WHAT THE TASK ASKS: Retype the lines below exactly, but only those from the line that has "What Is a Port" through the line that has "Black segments are". Omit every picture.
─── PROVIDED MATERIAL ───
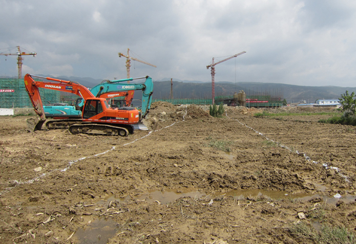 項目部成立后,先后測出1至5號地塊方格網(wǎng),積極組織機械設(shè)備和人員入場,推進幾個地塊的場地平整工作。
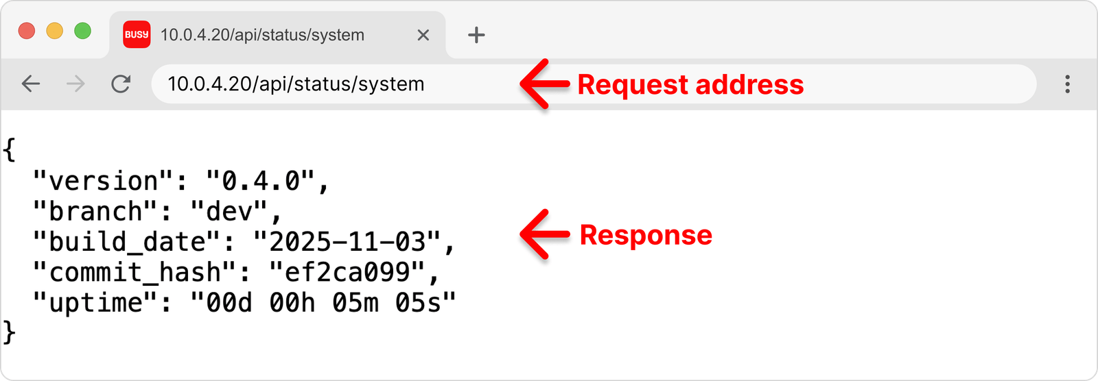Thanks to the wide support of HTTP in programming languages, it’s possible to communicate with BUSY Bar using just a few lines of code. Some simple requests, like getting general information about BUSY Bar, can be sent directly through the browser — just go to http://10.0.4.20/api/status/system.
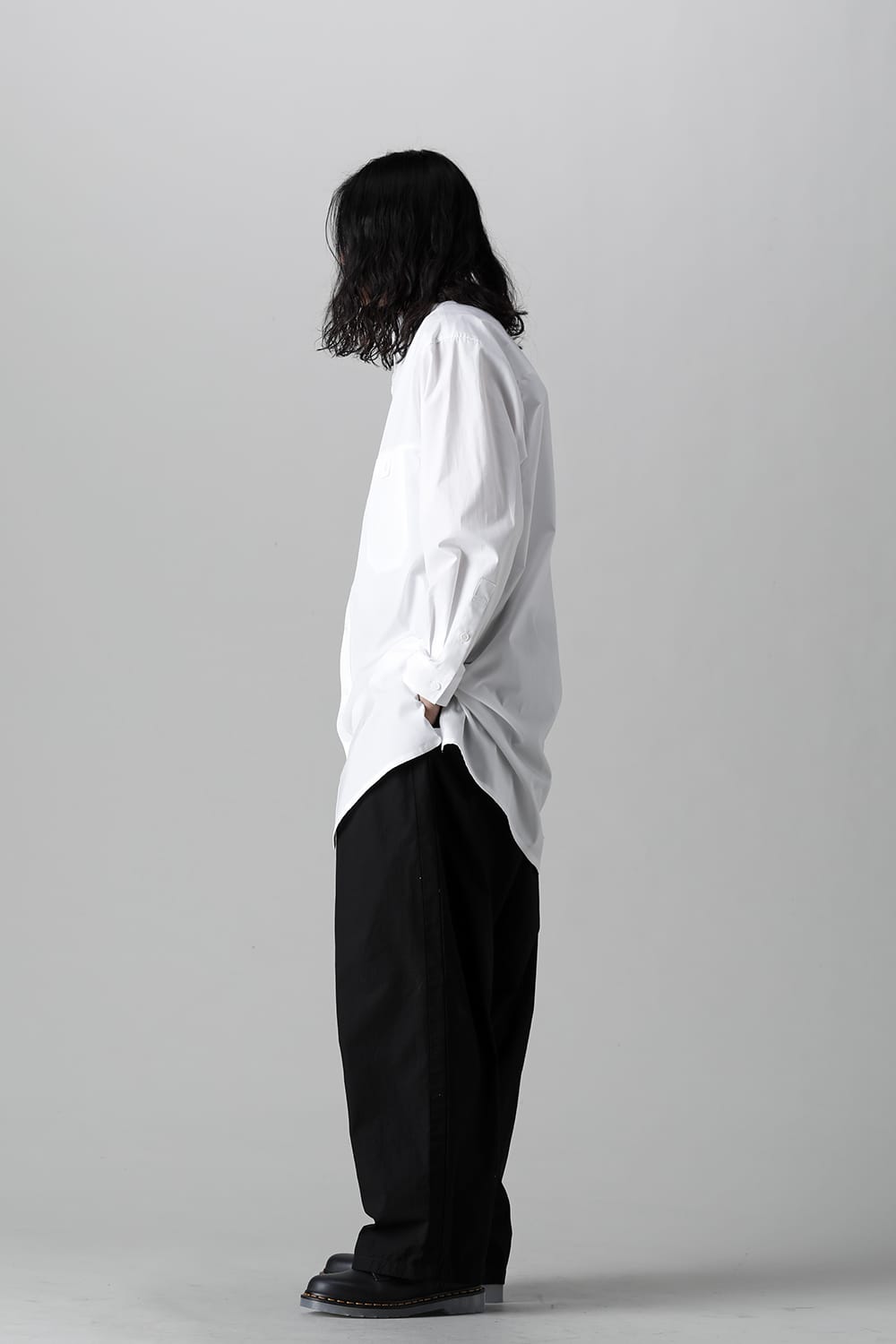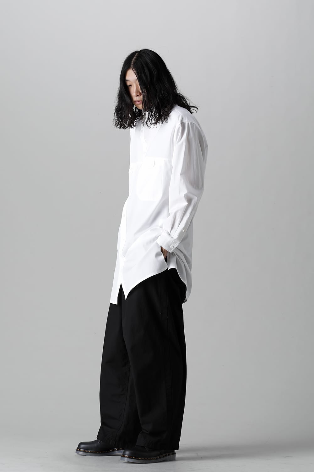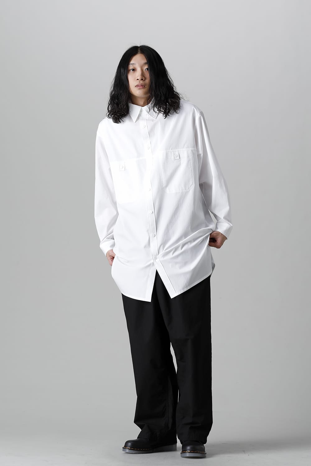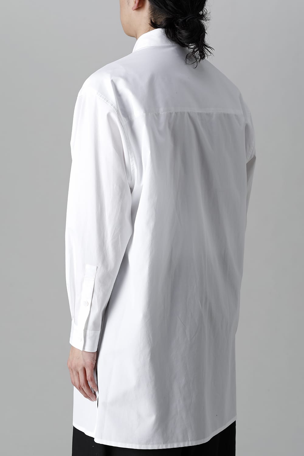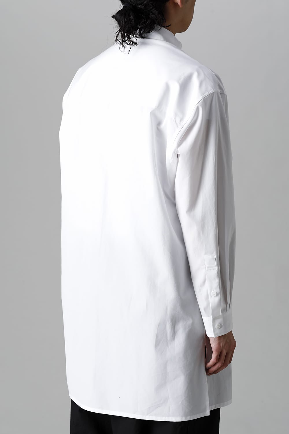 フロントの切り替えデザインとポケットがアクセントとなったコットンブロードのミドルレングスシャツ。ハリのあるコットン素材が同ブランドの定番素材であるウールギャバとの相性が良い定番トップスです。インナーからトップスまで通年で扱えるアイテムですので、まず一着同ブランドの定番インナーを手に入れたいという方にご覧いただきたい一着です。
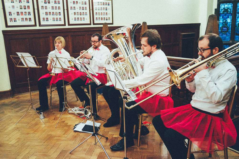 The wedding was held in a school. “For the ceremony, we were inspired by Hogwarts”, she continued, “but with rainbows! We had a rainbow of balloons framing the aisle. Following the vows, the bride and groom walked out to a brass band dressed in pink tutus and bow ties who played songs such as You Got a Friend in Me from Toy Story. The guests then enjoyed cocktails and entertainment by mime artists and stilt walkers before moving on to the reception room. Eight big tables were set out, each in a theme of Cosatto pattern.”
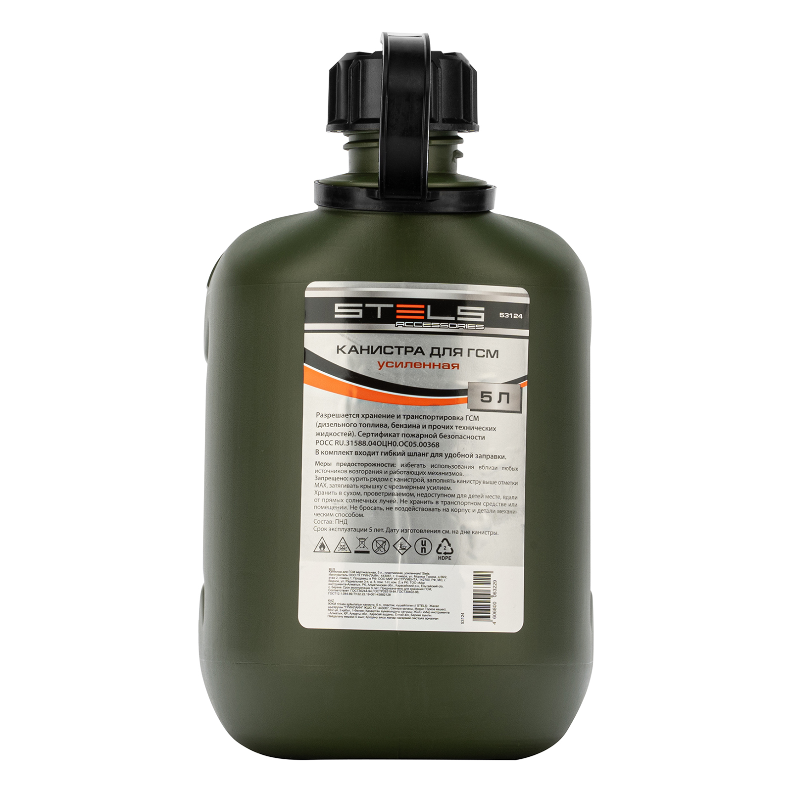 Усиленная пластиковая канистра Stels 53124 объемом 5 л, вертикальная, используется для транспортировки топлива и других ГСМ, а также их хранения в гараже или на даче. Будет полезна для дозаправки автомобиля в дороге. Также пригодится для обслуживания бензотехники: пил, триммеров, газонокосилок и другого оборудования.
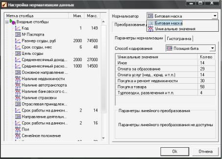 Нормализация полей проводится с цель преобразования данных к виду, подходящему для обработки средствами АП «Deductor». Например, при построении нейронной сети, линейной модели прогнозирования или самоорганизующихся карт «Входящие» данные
───
─── PROVIDED MATERIAL ───
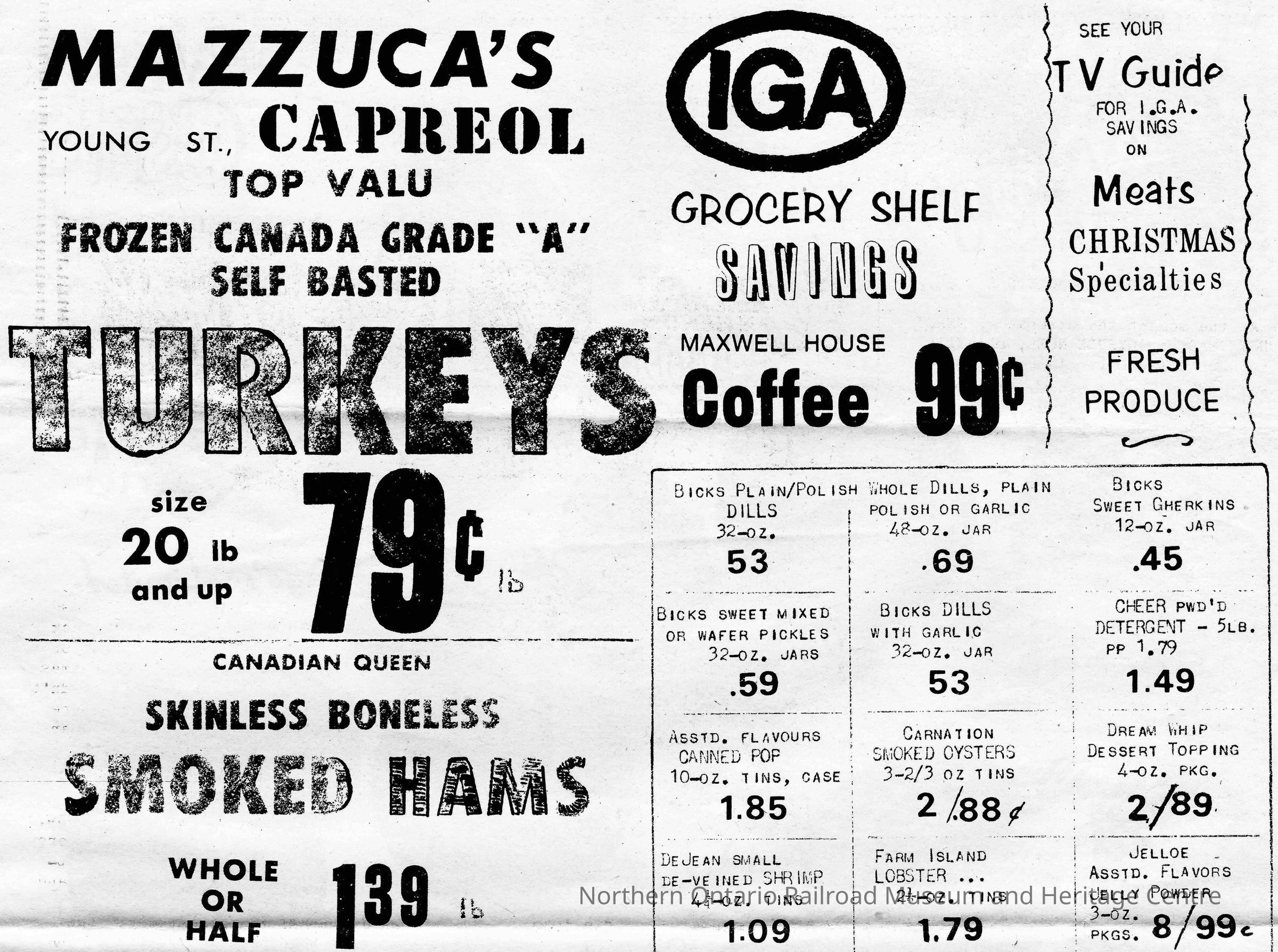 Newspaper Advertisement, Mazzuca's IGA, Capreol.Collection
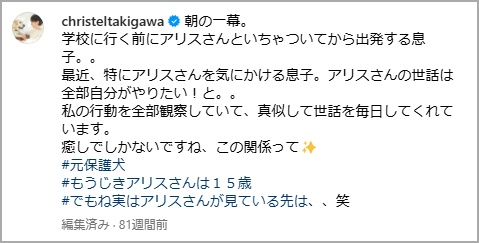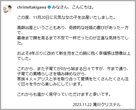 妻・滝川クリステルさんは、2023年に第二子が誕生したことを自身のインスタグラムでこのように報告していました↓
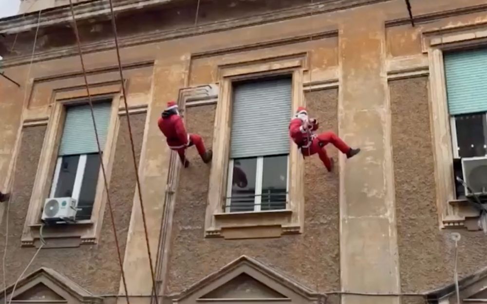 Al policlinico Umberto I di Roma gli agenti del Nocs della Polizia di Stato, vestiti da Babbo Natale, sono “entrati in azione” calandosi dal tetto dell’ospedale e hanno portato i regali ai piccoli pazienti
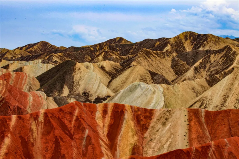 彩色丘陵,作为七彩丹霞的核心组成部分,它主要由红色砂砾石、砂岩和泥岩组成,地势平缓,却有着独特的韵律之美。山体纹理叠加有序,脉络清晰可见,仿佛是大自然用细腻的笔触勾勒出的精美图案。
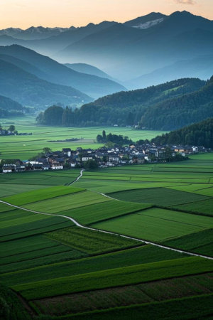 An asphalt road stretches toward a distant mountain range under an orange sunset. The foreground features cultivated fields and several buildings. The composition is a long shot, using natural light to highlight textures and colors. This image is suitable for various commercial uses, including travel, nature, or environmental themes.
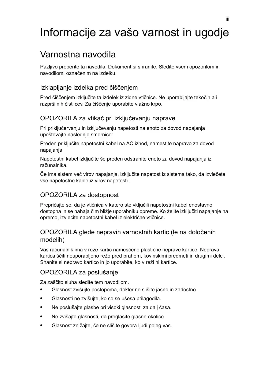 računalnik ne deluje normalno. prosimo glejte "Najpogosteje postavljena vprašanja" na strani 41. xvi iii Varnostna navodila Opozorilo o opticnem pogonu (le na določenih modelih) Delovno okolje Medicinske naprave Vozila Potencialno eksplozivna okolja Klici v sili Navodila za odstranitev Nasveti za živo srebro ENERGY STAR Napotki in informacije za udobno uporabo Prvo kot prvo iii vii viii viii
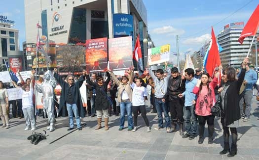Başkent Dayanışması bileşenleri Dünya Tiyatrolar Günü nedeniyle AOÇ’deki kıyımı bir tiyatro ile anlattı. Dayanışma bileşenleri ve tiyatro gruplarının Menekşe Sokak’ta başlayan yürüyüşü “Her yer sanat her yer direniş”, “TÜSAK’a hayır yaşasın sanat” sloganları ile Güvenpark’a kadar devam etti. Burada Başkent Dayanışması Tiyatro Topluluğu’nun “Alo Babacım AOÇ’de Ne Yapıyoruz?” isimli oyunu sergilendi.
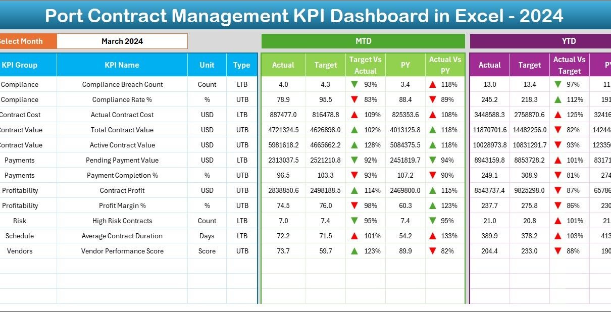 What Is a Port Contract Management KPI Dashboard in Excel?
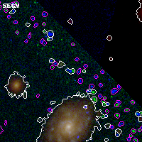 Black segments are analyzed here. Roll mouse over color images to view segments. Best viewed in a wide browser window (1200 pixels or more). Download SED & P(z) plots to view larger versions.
───
─── PROVIDED MATERIAL ───
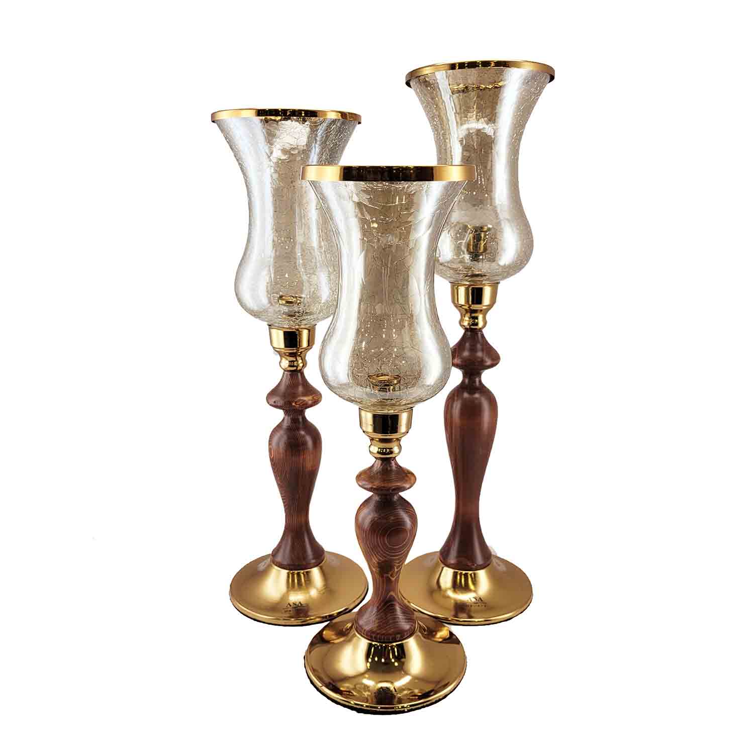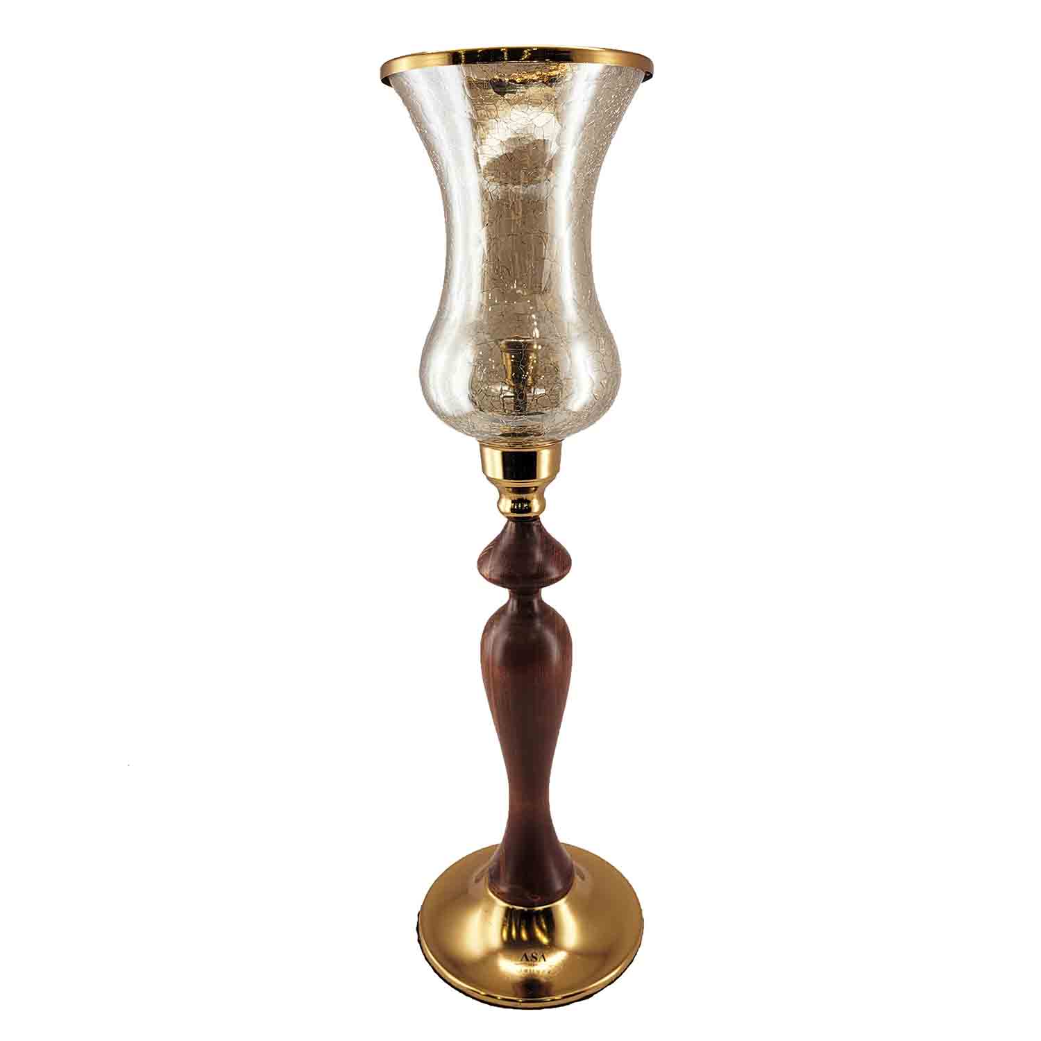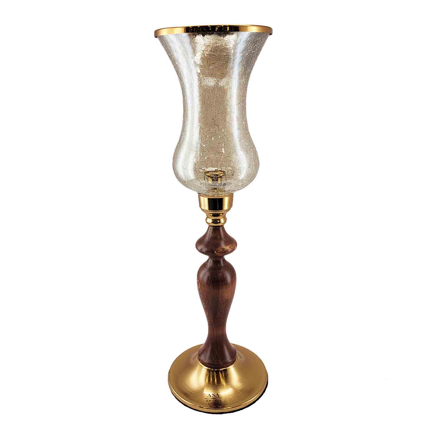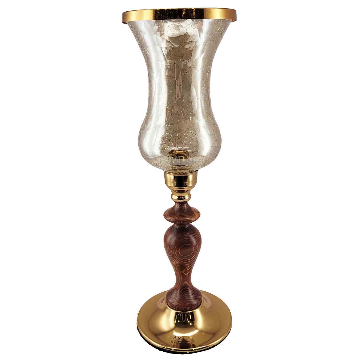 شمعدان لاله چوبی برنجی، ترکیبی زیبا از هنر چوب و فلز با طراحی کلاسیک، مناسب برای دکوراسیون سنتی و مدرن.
───
ANSWER BOX:
 What Is a Port Contract Management KPI Dashboard in Excel?
 Black segments are analyzed here. Roll mouse over color images to view segments. Best viewed in a wide browser window (1200 pixels or more). Download SED & P(z) plots to view larger versions.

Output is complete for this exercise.